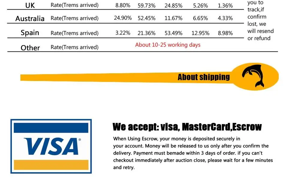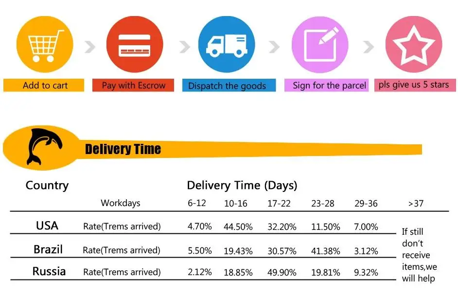 • If you did not receive the product within the guaranteed time( 45 days not including 2-5 day processing) you can request a refund or a reshipment.
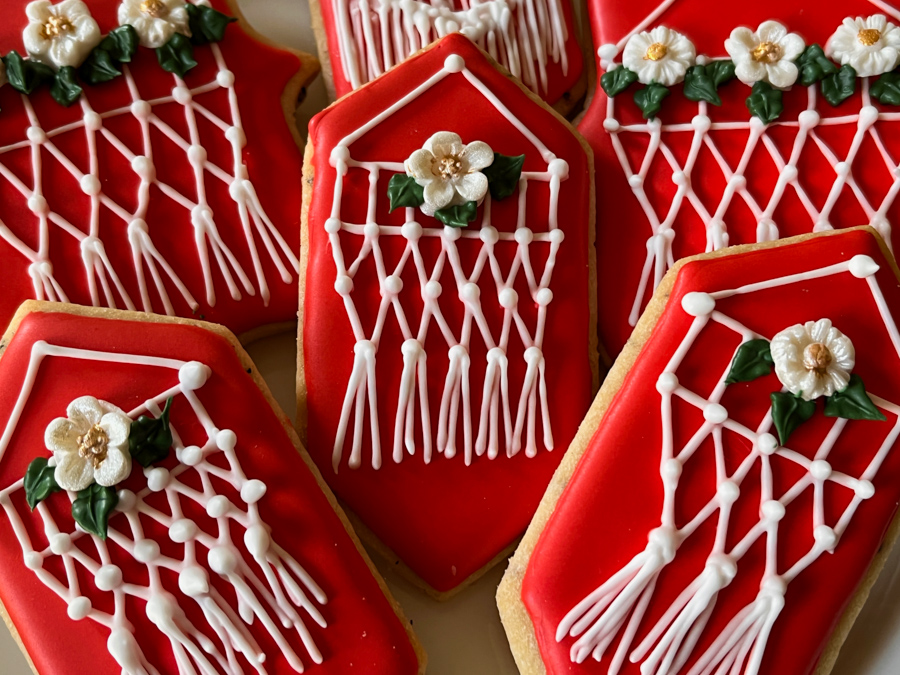 It all starts with a frame-shape cookie cutter flooded in red. Then just eye-ball the design, going down the cookie in rows, as shown in the composite below.
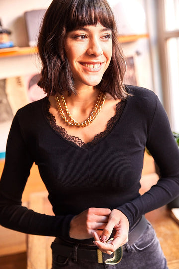 Black Cotton Eyelash Lace Strap Crop Blouse CO-2523254275 - Cádiz
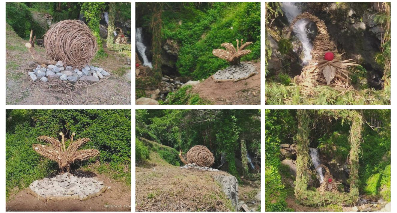 In poco tempo hanno creato alcune opere artistiche utilizzando unicamente materiali provenienti dalla natura e sono riusciti a mettere a contatto due mondi apparentemente molto lontani.
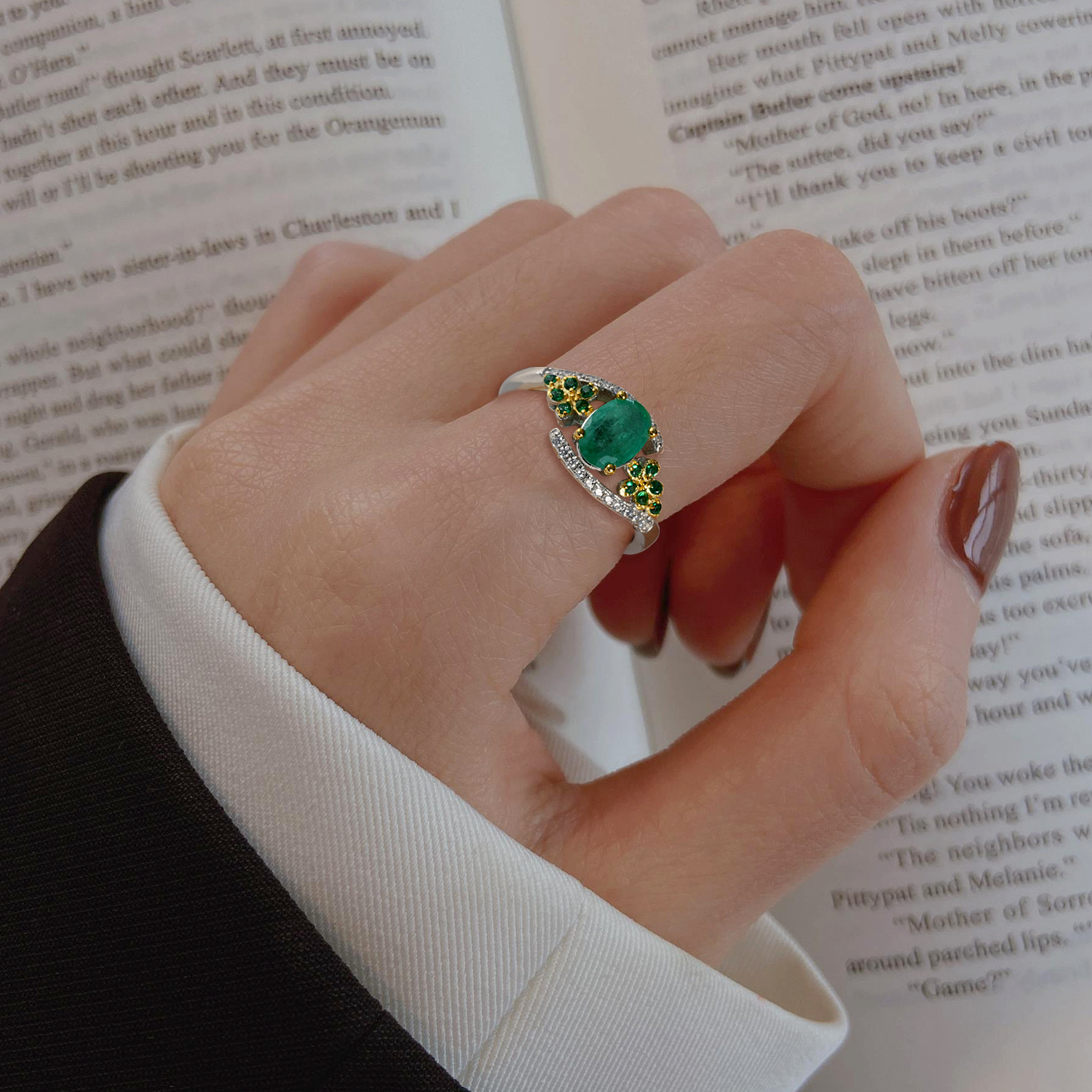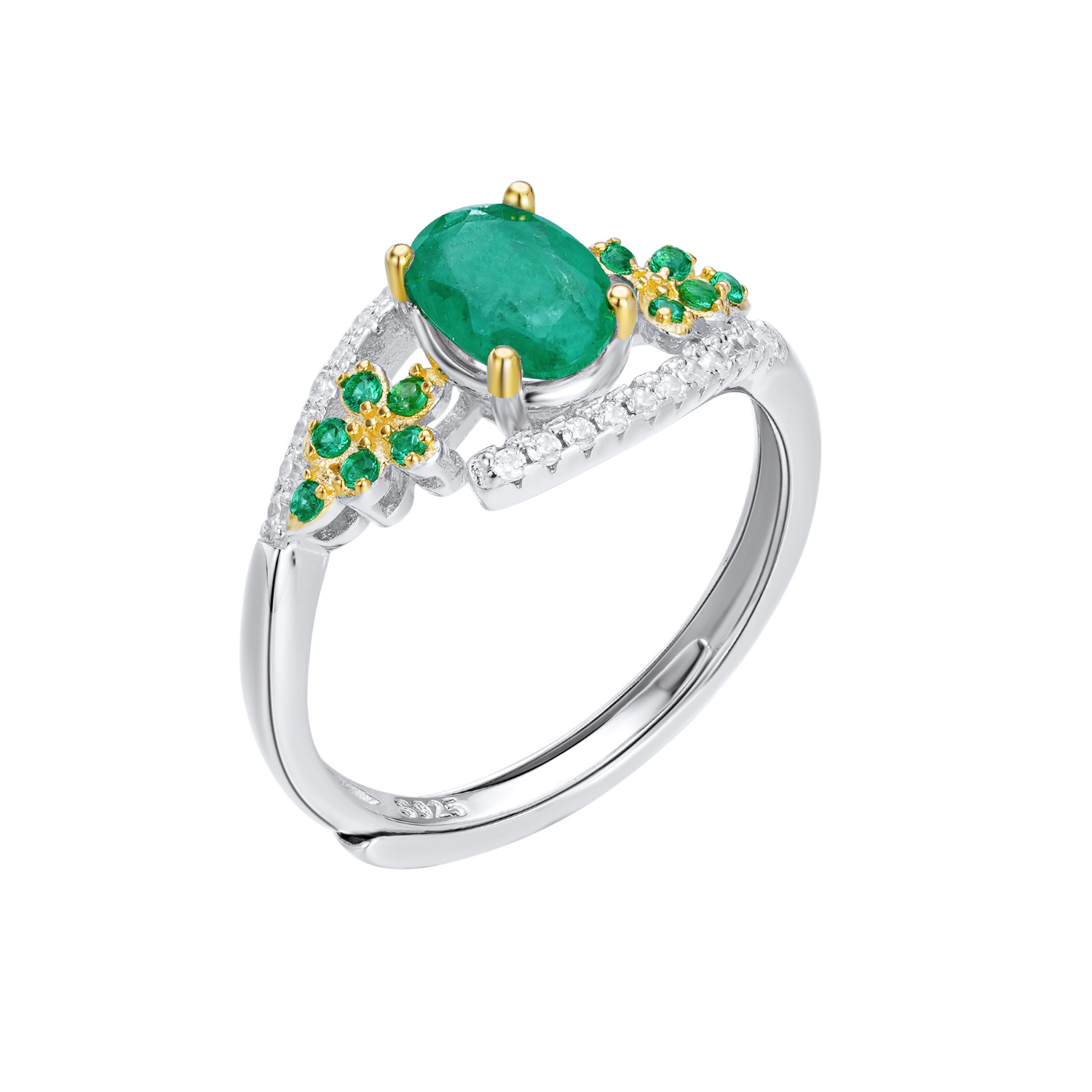 Main stone: Dan shaped emerald, about 5 * 7mm, 0.9Ct
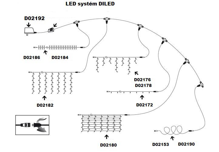 Sistemul diLED de iluminat de Crăciun este unic, datorită posibilităților nesfârșite de conectare și extindere a lanțurilor. Puteți alege din întregul meniu și puteți conecta lanțurile între ele și, datorită controlerului, puteți adăuga și funcții de iluminare. Sistemul diLED este deja aproape de calitate de iluminatul profesional. Durata medie de viață a becurilor cu LED este de aproximativ 50.000 de ore de iluminare.
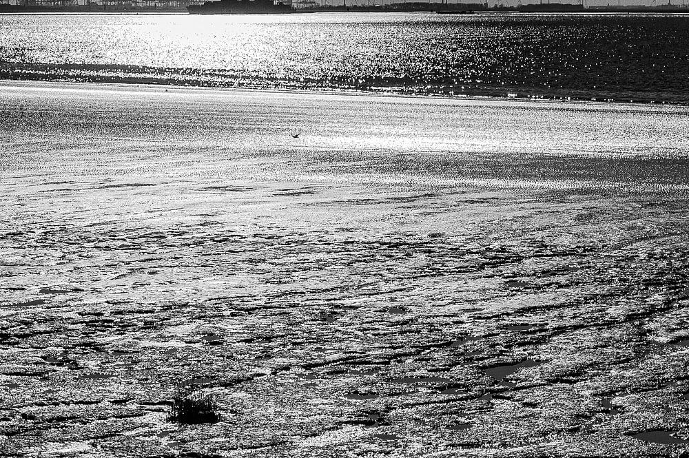Im klaren, silbernen Licht zeigt sich die Bucht von Bath an der Westerschelde als ein beeindruckendes Stück seeländischer Gezeitenlandschaft, in der Natur und Industrie aufeinandertreffen. Über den weiten Wattflächen und Salzwiesen glitzert das Wasser bei Ebbe und erzeugt die charakteristischen Muster, für die dieses Gebiet bekannt ist. Am Horizont dominieren die Kühltürme, Windmühlen und Kräne des Antwerpener Hafens, ein auffälliger Kontrast zur Ruhe und Offenheit der umliegenden zeeländischen Natur.
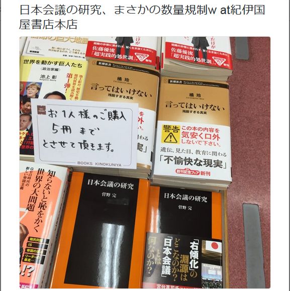 コレ、明らかに情報を流通させたくない組織が大量購入してるな。何故なら、庶民はバカ組織みたいに大量購入しない。RT @machiboni: 日本会議の研究、まさかの数量規制w at紀伊国屋書店本店 pic.twitter.com/Xzpz7GtQrx

^^^^

_WHAT TO WORK ON_.
Return the material line for line, from its beginning to the line that contains "Sistemul diLED de", with the pictures left out.

_ANSWER FOR THIS EXERCISE_.
 • If you did not receive the product within the guaranteed time( 45 days not including 2-5 day processing) you can request a refund or a reshipment.
 It all starts with a frame-shape cookie cutter flooded in red. Then just eye-ball the design, going down the cookie in rows, as shown in the composite below.
 Black Cotton Eyelash Lace Strap Crop Blouse CO-2523254275 - Cádiz
 In poco tempo hanno creato alcune opere artistiche utilizzando unicamente materiali provenienti dalla natura e sono riusciti a mettere a contatto due mondi apparentemente molto lontani.
 Main stone: Dan shaped emerald, about 5 * 7mm, 0.9Ct
 Sistemul diLED de iluminat de Crăciun este unic, datorită posibilităților nesfârșite de conectare și extindere a lanțurilor. Puteți alege din întregul meniu și puteți conecta lanțurile între ele și, datorită controlerului, puteți adăuga și funcții de iluminare. Sistemul diLED este deja aproape de calitate de iluminatul profesional. Durata medie de viață a becurilor cu LED este de aproximativ 50.000 de ore de iluminare.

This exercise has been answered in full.